Hilary Mantel’s lament for the NHS amplifies a rising note in popular comment on British hospitals: the incapacity and rudeness of so many nurses (LRB, 14 August). A corollary is appreciation for a new phenomenon, the conscientious and communicative hospital doctor. These views disorientate us, given the long-standing stereotype that nurses are the under-remunerated angels of the ward, while doctors merely sweep through, grunting in Latin and cursing Nye Bevan between rounds of golf. One feature of my own recent experience in hospital gives further cause for alarm to the Daily Mail reader whom Mantel invokes, and perhaps reinforces her intuition that the problem has a wider, cultural basis. The best nurses – the routinely attentive and kindly ones, those with the vocational skill to recognise that not only is a jug of water best placed within your sight and reach, but that you might well need help to drink from it – were, with few exceptions, foreign.
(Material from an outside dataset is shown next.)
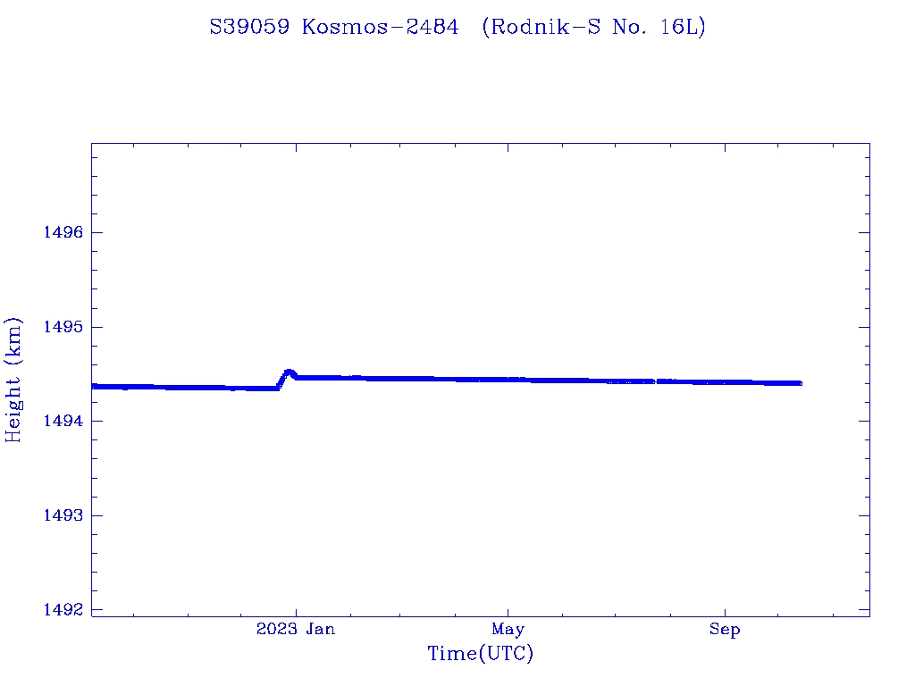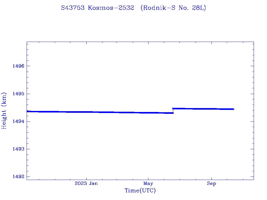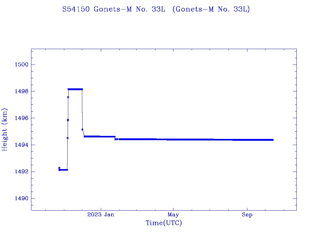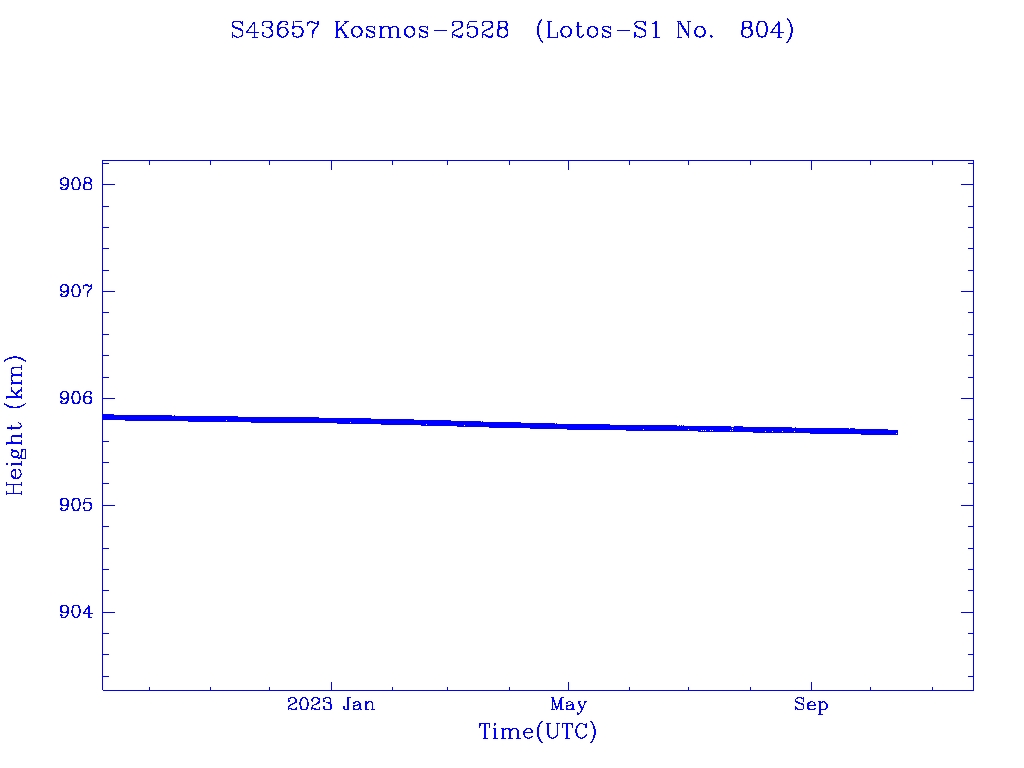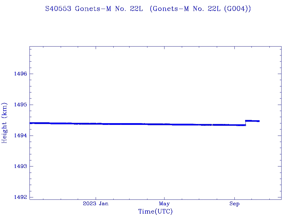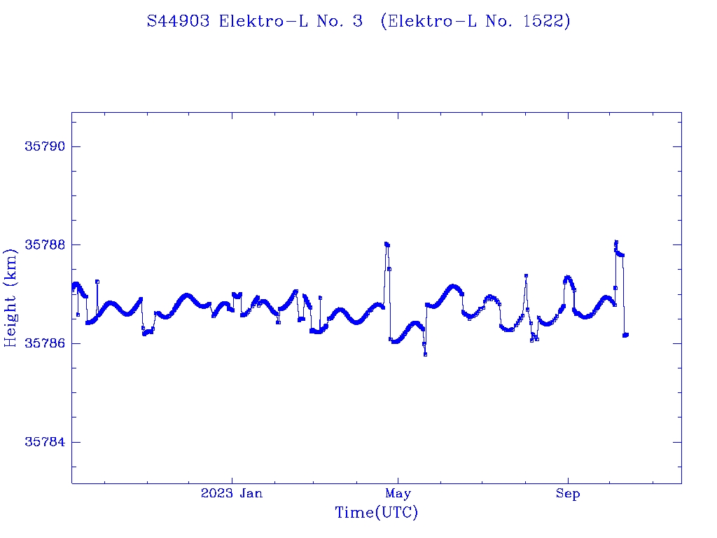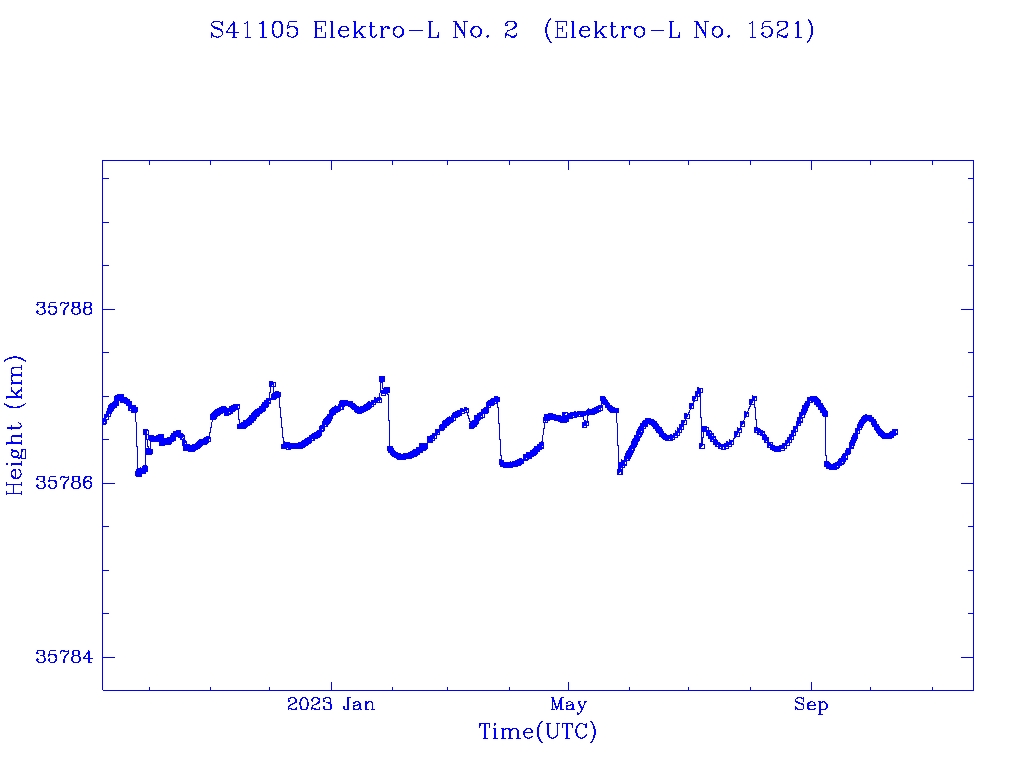 | 2023-016A | S55506 | Elektro-L No. 4 | Elektro-L No. 4L | Weather satellite | 2023 Feb 5 | 35778 x 35793 x 0.11 |  |  |

Perhaps the progressive soul might be consoled that some of those parked in hospital corridors will be disabused of their casual racism by the frequent superiority of these nurses.

Simon Skinner
Oxford

Proper Worksop

Jonathan Raban writes that Neil Entwistle said ‘coom’ for ‘come (LRB, 14 August). That can’t be right; if it were, how would Raban represent the common pronunciations of ‘spoof’ or ‘spook’ or the Welsh ‘cwm’, which are quite distinct from the proper Worksop ‘cum’? It’s a solecism of supercilious Southerners to suppose that anyone anywhere in the British Isles has ever pronounced ‘fucking’ as ‘fooking’. Southerners say ‘facking’ and the Irish say ‘fecking’, but let us draw our vowels from the finer source.

Michael Haslam
Hebden Bridge, West Yorkshire

Jonathan Raban suggests that the Colt .22 revolver used as the murder weapon in the Entwistle case was the ‘legendary instrument of masculine power’ used by John Wayne and others in Westerns. Not so. That was the much more devastating Colt .45. Having fired one of these, once, many years ago, I can assure him the trigger was no ‘gentle squeeze’: the weapon kicked like a horse, and I can still hear the report singing in my ears.

Damian Grant
Villeneuve d’Ascq, France

No Picnic

Slavoj Žižek quotes an untitled poem by Radovan Karadzic, identified by its dedication, ‘For Izlet Sarajlic’ (LRB, 14 August). The late Izet Sarajlic is a famous Bosnian poet, who was, incidentally, injured during the siege of Sarajevo by a shell fired by Karadzic’s army. Izet is a very common name among Bosnian Muslims; izlet means ‘picnic’ in the countries of the former Yugoslavia.